• Exercise: Your task is to copy the listing exactly, with the pictures left out.

• Input data:

--- --- ---

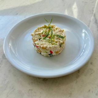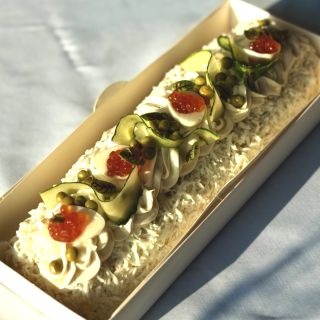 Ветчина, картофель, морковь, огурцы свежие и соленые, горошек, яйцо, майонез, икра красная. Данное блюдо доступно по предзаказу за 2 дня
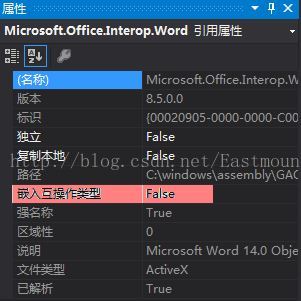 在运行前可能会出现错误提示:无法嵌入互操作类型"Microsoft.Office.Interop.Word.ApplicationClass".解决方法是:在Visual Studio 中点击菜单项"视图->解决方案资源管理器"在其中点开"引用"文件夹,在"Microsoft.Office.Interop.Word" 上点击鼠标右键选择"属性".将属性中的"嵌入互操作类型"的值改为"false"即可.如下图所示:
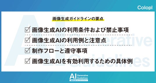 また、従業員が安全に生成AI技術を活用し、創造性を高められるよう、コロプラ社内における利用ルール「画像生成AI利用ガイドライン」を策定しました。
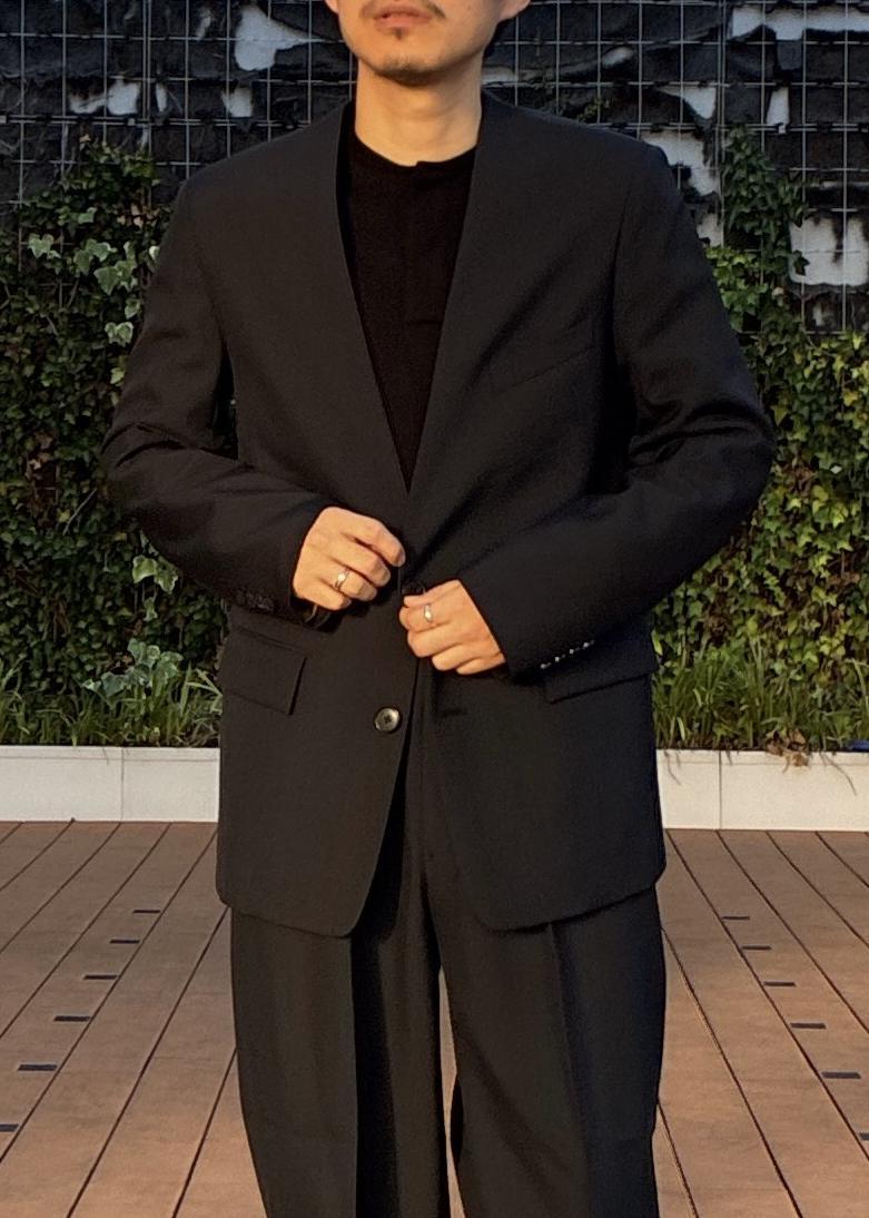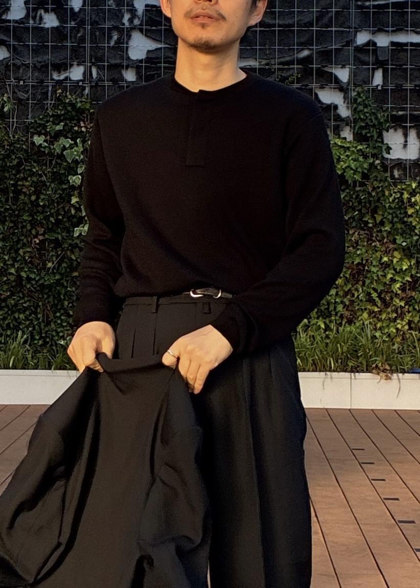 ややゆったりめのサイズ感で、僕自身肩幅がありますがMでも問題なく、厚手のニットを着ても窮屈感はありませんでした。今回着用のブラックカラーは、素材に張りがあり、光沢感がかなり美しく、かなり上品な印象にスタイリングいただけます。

--- --- ---

• Exercise output:
 Ветчина, картофель, морковь, огурцы свежие и соленые, горошек, яйцо, майонез, икра красная. Данное блюдо доступно по предзаказу за 2 дня
 在运行前可能会出现错误提示:无法嵌入互操作类型"Microsoft.Office.Interop.Word.ApplicationClass".解决方法是:在Visual Studio 中点击菜单项"视图->解决方案资源管理器"在其中点开"引用"文件夹,在"Microsoft.Office.Interop.Word" 上点击鼠标右键选择"属性".将属性中的"嵌入互操作类型"的值改为"false"即可.如下图所示:
 また、従業員が安全に生成AI技術を活用し、創造性を高められるよう、コロプラ社内における利用ルール「画像生成AI利用ガイドライン」を策定しました。
 ややゆったりめのサイズ感で、僕自身肩幅がありますがMでも問題なく、厚手のニットを着ても窮屈感はありませんでした。今回着用のブラックカラーは、素材に張りがあり、光沢感がかなり美しく、かなり上品な印象にスタイリングいただけます。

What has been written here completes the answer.